PROVIDED DATA:
####################
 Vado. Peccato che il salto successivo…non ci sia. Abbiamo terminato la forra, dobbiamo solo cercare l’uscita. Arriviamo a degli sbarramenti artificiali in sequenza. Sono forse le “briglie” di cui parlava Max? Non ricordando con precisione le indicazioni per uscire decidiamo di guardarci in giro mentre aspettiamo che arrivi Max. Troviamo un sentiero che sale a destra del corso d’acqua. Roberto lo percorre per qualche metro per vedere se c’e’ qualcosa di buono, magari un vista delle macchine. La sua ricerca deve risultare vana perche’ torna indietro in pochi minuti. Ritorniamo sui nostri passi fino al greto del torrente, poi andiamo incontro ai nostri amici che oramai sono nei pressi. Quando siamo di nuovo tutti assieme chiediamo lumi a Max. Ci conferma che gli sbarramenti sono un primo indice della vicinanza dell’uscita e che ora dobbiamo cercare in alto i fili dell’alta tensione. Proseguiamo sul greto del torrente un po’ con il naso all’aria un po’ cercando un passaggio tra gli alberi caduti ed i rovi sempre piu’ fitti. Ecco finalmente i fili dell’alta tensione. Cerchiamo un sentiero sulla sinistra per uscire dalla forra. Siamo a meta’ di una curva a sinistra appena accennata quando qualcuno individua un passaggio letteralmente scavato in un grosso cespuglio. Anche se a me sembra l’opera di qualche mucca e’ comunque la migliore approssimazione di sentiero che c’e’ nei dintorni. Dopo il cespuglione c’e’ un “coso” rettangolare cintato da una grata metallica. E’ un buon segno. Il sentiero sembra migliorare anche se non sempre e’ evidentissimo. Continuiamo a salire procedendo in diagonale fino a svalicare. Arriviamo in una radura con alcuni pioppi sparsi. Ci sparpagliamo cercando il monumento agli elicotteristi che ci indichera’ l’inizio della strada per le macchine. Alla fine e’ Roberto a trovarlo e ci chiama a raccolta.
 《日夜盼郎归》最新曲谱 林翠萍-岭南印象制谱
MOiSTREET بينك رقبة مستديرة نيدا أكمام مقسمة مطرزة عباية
####################
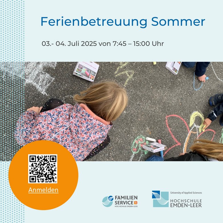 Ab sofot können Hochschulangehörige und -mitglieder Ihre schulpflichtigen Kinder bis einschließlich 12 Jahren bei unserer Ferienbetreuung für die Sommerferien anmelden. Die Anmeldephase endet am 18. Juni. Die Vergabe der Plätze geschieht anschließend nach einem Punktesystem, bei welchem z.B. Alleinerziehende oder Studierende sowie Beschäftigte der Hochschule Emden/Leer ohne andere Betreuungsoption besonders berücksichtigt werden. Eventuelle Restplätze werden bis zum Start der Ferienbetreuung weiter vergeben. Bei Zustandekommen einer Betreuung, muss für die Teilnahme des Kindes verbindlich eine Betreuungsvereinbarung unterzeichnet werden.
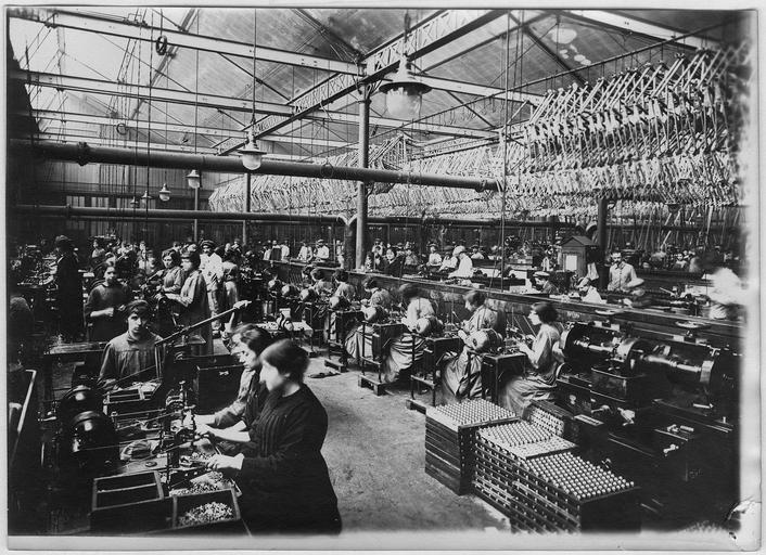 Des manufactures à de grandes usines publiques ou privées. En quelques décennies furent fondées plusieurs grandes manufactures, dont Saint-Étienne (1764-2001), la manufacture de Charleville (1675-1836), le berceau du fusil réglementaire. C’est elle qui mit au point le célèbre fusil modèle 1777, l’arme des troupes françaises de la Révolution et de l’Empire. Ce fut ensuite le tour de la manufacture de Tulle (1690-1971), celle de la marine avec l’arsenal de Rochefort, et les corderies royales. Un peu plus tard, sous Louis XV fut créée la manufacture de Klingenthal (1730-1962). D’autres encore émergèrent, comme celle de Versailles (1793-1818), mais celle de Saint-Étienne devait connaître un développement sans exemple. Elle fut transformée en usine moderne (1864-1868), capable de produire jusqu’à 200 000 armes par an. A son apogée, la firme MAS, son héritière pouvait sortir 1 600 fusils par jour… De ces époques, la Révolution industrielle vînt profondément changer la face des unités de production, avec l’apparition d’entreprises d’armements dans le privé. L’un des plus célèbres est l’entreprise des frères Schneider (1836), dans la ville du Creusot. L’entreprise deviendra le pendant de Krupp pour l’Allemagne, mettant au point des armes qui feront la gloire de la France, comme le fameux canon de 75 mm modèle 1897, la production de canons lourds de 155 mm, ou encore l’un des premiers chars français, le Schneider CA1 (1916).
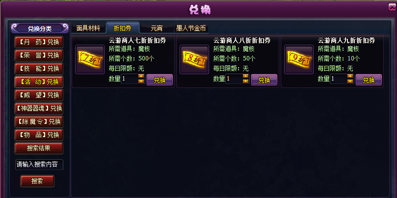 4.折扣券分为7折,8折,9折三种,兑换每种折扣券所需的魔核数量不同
####################
To complete this exercise, transcribe exactly the lines above from the one that holds "Des manufactures à" through the one that holds "4.折扣券分为7折,8折,9折三种,兑换每种折扣券所需的魔核数量不同". Pictures stay out.

TASK ANSWER:
 Des manufactures à de grandes usines publiques ou privées. En quelques décennies furent fondées plusieurs grandes manufactures, dont Saint-Étienne (1764-2001), la manufacture de Charleville (1675-1836), le berceau du fusil réglementaire. C’est elle qui mit au point le célèbre fusil modèle 1777, l’arme des troupes françaises de la Révolution et de l’Empire. Ce fut ensuite le tour de la manufacture de Tulle (1690-1971), celle de la marine avec l’arsenal de Rochefort, et les corderies royales. Un peu plus tard, sous Louis XV fut créée la manufacture de Klingenthal (1730-1962). D’autres encore émergèrent, comme celle de Versailles (1793-1818), mais celle de Saint-Étienne devait connaître un développement sans exemple. Elle fut transformée en usine moderne (1864-1868), capable de produire jusqu’à 200 000 armes par an. A son apogée, la firme MAS, son héritière pouvait sortir 1 600 fusils par jour… De ces époques, la Révolution industrielle vînt profondément changer la face des unités de production, avec l’apparition d’entreprises d’armements dans le privé. L’un des plus célèbres est l’entreprise des frères Schneider (1836), dans la ville du Creusot. L’entreprise deviendra le pendant de Krupp pour l’Allemagne, mettant au point des armes qui feront la gloire de la France, comme le fameux canon de 75 mm modèle 1897, la production de canons lourds de 155 mm, ou encore l’un des premiers chars français, le Schneider CA1 (1916).
 4.折扣券分为7折,8折,9折三种,兑换每种折扣券所需的魔核数量不同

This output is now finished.